§ Information provided
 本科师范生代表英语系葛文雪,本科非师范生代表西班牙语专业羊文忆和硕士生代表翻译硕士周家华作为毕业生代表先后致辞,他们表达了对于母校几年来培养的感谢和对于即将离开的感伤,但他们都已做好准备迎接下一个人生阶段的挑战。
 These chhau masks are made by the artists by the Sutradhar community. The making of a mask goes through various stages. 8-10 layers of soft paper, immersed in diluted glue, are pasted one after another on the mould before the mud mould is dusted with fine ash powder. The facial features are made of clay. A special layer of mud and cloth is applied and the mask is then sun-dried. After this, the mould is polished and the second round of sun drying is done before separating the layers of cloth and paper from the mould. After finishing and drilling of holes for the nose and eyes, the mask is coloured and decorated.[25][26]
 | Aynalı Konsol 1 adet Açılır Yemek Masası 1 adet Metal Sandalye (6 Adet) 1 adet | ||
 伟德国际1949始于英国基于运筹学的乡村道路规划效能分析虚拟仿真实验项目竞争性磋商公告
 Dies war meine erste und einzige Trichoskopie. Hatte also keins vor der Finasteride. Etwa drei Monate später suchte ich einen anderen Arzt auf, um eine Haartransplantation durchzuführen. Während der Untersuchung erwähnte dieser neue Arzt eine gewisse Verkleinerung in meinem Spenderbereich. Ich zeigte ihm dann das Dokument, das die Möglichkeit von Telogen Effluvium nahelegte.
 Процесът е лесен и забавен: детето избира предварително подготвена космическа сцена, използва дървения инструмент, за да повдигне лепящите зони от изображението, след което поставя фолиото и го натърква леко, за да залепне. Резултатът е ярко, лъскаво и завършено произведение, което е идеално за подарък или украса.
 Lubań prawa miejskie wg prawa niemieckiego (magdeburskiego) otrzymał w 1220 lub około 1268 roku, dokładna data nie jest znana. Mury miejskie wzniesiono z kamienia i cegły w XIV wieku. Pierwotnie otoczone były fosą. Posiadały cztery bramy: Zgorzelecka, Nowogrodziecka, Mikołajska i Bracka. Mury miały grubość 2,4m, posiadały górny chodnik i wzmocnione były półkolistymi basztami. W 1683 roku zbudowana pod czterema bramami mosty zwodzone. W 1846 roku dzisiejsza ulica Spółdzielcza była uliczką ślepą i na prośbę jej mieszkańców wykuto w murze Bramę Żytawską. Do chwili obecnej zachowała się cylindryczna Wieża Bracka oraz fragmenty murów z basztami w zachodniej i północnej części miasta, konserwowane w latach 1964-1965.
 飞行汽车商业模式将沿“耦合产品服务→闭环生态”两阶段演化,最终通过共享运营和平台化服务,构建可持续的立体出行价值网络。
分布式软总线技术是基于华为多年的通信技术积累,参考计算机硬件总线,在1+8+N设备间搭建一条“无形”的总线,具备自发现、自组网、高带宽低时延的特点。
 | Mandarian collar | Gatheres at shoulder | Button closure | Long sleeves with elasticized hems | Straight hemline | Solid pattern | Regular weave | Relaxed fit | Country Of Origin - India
--
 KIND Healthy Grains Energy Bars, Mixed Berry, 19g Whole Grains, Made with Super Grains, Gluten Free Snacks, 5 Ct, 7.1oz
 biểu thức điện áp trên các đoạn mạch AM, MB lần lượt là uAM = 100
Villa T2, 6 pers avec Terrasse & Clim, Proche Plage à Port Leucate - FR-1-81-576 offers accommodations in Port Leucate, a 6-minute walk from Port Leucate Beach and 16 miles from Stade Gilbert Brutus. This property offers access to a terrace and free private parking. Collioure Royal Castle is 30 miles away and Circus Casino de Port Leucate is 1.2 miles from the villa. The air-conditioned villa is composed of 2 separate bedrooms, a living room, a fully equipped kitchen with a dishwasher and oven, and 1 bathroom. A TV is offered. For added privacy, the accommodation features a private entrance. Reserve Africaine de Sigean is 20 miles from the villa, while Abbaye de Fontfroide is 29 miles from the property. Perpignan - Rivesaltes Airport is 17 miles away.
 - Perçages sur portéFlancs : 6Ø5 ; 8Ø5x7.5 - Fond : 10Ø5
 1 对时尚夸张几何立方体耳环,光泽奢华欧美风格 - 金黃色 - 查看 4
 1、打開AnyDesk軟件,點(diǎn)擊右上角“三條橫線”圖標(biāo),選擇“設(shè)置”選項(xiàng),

§ Problem description
Of all the entries above, output exactly the lines between the one holding "- Perçages sur" and the one holding "1、打開AnyDesk軟件,點(diǎn", inclusive.

§ Written response
 - Perçages sur portéFlancs : 6Ø5 ; 8Ø5x7.5 - Fond : 10Ø5
 1 对时尚夸张几何立方体耳环,光泽奢华欧美风格 - 金黃色 - 查看 4
 1、打開AnyDesk軟件,點(diǎn)擊右上角“三條橫線”圖標(biāo),選擇“設(shè)置”選項(xiàng),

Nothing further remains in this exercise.